Another unresolved issue I have is that opencl is not working on my AMD PC.

For ResNet-50 v1.5, here is what I am getting … 

(venv) voyager-sdk$ ./inference.py resnet50-imagenet data/coco --disable-opencl --no-display --show-stats
========================================================================           
Element                                         Time(𝜇s)   Effective FPS
========================================================================
axinplace-addstreamid0                                16        61,066.3
vaapipostproc0                                     1,927           518.9
videoconvert0                                         17        56,486.4
axinplace0                                             7       130,629.7
inference-task0:libtransform_resizeratiocropexcess_0
                                                     149         6,677.7
inference-task0:libtransform_totensor_0                7       142,241.8
inference-task0:libinplace_normalize_0                16        59,300.1
inference-task0:libtransform_padding_0                20        47,901.4
inference-task0:inference                          2,884           346.7
inference-task0:Inference latency                 42,056             n/a
inference-task0:libtransform_paddingdequantize_0
                                                       5       184,454.6
inference-task0:libdecode_classification_0             8       116,059.4
inference-task0:Postprocessing latency               726             n/a
inference-task0:Total latency                     45,652             n/a
========================================================================
End-to-end average measurement                                     351.1
========================================================================
Core Temp  : 37.0°C
CPU %      : 5.5%
End-to-end : 351.1fps
Latency    : 42.8ms (min:9.1 max:57.3 σ:3.9 x̄:42.7)ms

 

 

2 replies

AlbertaBeef
Cadet
  • Author
  • Cadet
  • May 7, 2026

After posting my question, I found the solution provide by ​@Steven Hunsche in another post:


This got me through my opencl issue on my AMD Ryzen AI MAX+ 395 PC.
This effectively doubled the throughput achieved (from 350 FPS to 716 FPS).

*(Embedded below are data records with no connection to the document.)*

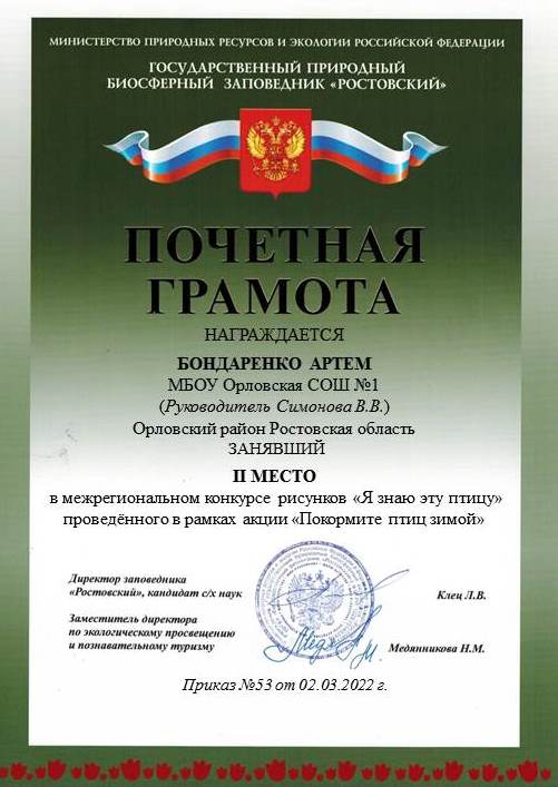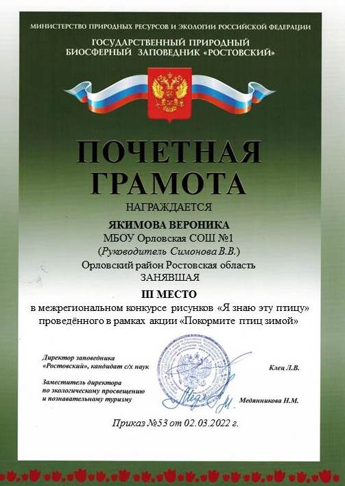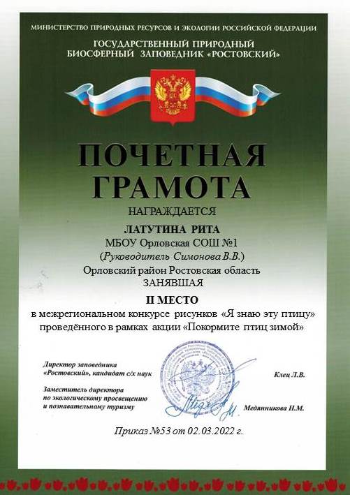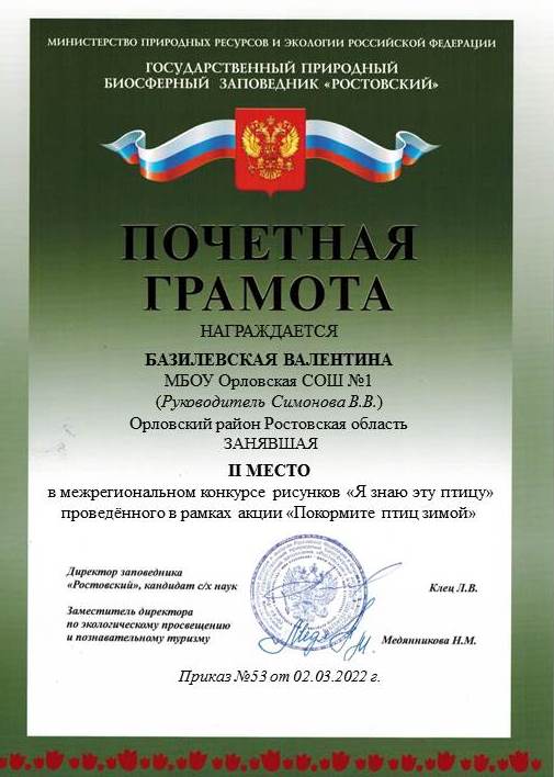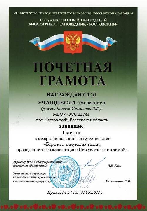 Нам с ребятами очень приятно, что в межрегиональном конкурсе отчетов «Берегите зимующих птиц» мы заняли 1 место.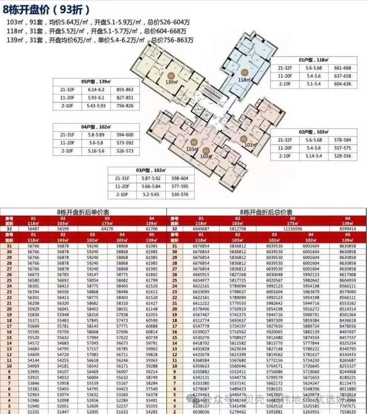 103㎡,91套,均价5.64万/㎡,开盘5.1-5.9万/㎡,总价526-604万。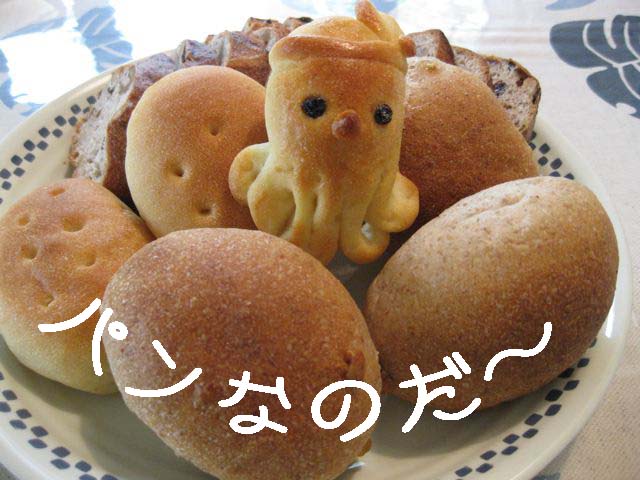 真ん中のたこさんパンはお店の人のご好意でちけぽが頂いたもの。

Still a ways from the 1756 FPS benchmark for ResNet-50 on M.2 Metis.

Here is where I am currently at:

(venv) abbeefai@AlbertaBeefAI:/media/abbeefai/TheExpanse/shared_with_docker/voyager-sdk$ ./inference.py resnet50-imagenet data/coco --enable-opencl --no-display --show-stats
========================================================================                                    
Element                                         Time(𝜇s)   Effective FPS
========================================================================
axinplace-addstreamid0                                10        94,033.6
axtransform-colorconvert-cl0                         323         3,092.8
inference-task0:libtransform_centrecropextra_0
                                                       0     1,357,590.2
inference-task0:libtransform_resize_cl_0              81        12,201.0
inference-task0:libtransform_padding_0                39        25,571.2
inference-task0:inference                          1,415           706.5
inference-task0:Inference latency                 22,083             n/a
inference-task0:libtransform_paddingdequantize_0
                                                       4       238,789.7
inference-task0:libdecode_classification_0             6       160,551.4
inference-task0:Postprocessing latency               614             n/a
inference-task0:Total latency                     25,152             n/a
========================================================================
End-to-end average measurement                                     716.8
========================================================================
Core Temp  : 37.0°C
CPU %      : 5.0%
End-to-end : 716.8fps
Latency    : 19.6ms (min:7.0 max:27.4 σ:1.9 x̄:19.7)ms

 


Spanner
Axelera Team
Forum|alt.badge.img+3
  • Axelera Team
  • May 7, 2026

Ah, nice work on ramping it up anyway, ​@AlbertaBeef !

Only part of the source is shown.